Along the smooth rock beach were smaller pebbles making a pathway along the coast. Benches made their appearance every ten metres or so, and I sat nicely in the middle of the nine available. I opened my packet of Nuttelly or whatever the smiling nut liked to be called by his friends, and dipped in.

With a tug to rip the slightly tough bread, I recognized the taste of what I was eating. It wasn't Nuttella, but the Milky Way spread you can get. The kind that gets sickening after your third or fourth bite. After my fourth bite, I felt assured my judgement on those kinds of spreads was indeed accurate, and I put the metallic peeling of the friendly nut back on the top.

The butter, I assumed, would be the perfect way to fix the slight tummy ache Nutmeister gave me. The packet was golden, with red writing and Croatian ingredient listings. I peeled the lid back to find not butter, but a transparent golden-

So I bought three packets of honey. If I had a sore throat, this would be the most convenient remedy I accidentally bought. Unfortunately, my vocals were good enough for SingStar, and I wasn't in the mood for honey. Hey, nothing wrong with plain bread, I said to myself.

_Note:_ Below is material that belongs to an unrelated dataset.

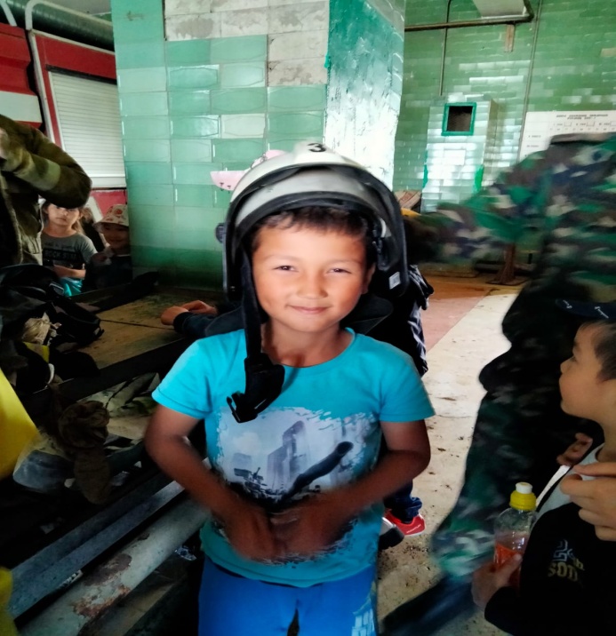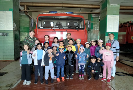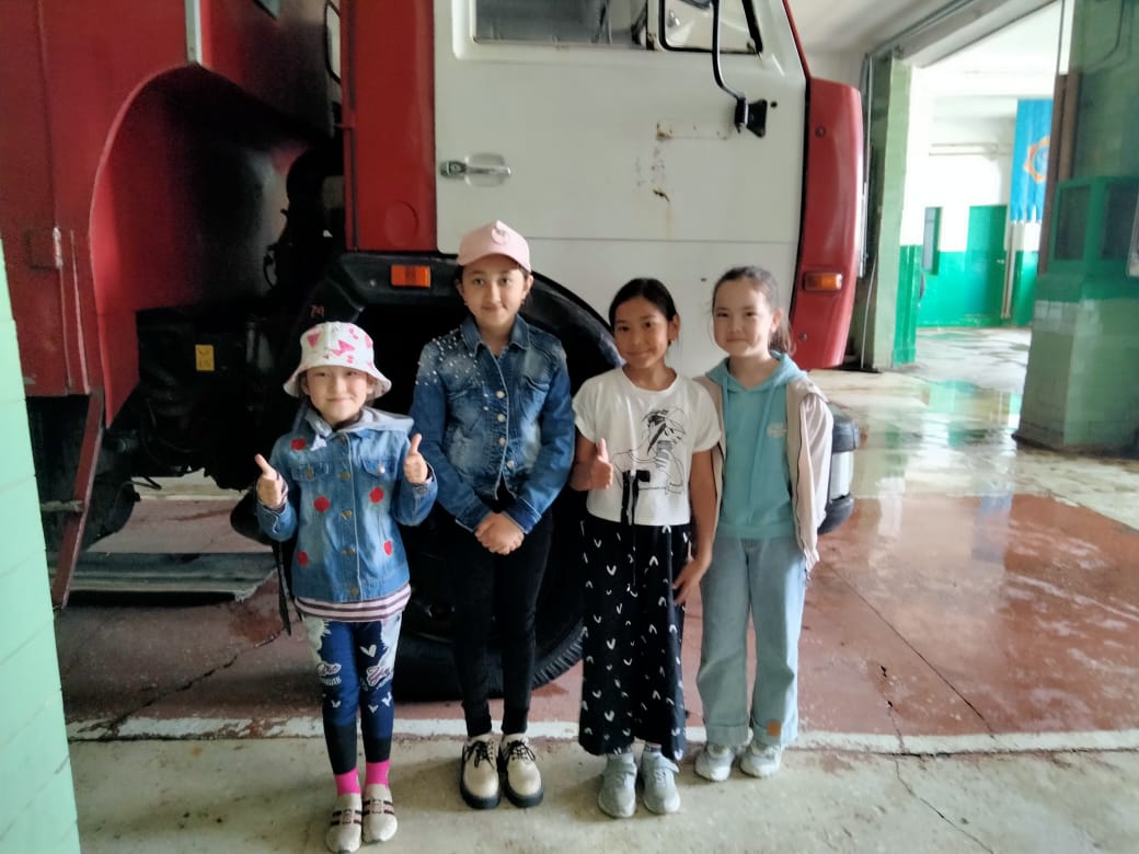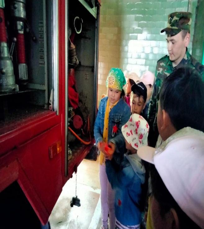 Саяхат барысында балалар өрт сөндіру машиналарымен танысты. Сондай-ақ, шашуға арналған өрт сөндіргіш қондырғылар, құрал-жабдықтар мен қауіпсіздік шараларын, жеке қорғану құралдарына жататын газтұмылдырық, қорғаныш жамылғыштар, арнайы қорғаныш киімдерді қызықтады. Балалар өздері ұстап көріп, өз көздерімен тамашалағандарына қуанып, керекті мағлұматтарды алды.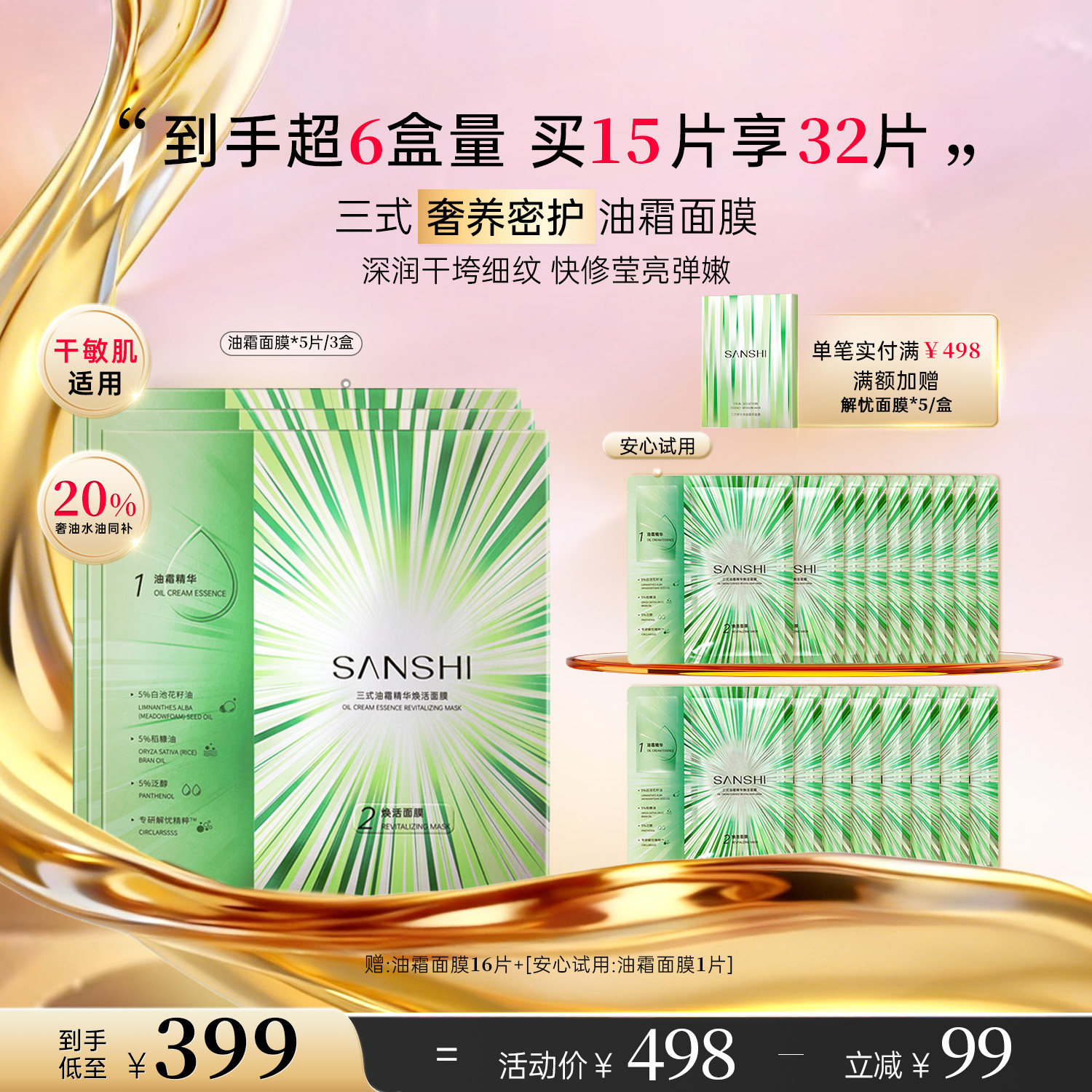 📚 三式春光油霜面膜白池花籽油补水油修护滋养提亮油敷贴片面膜干皮

Alas! The apples! I bought two of them as well. Here's my saviour, my one and only fruit that makes me sigh with relief of flavour and satisfaction. It started out okay, but as I progressed the green and red apple was starting to make my stomach sing a different tune: "Oww...".

I can be so stubborn sometimes. But I can also be resourceful. Resourceful in the sense that I went back to the shops after throwing Hazelnutster out, got a couple packets of butter - in the 'Dairy' section - and ate my bread with it.

Hey, I'm not paying 30 kunas ($7.50 AUD) for 'pasta' the kitchen was cooking. Not letting me use the kitchen is a foolish move, Youth Hostel Zadar.

Oh right, the beach. I hope I didn't distract you from the view I was painting of the slight crashing of the waves against the collection of round rocks sharing space, or the warm glow of the lights as they slowly turn on to brighten the town along the edge of the coast. Or even the fisherman floating in his tugboat, with faint sounds I thought I could hear of "Heh heh hoo, woo...".

Sitting in the slowly fading darkness of a town I never wanted to go to, I thought of how pretty my Puntamika beach was. Yes, it was mine. Nevermind whoever owned the land behind me, or the fishermen. No one was where I was, and that's all that matters right now.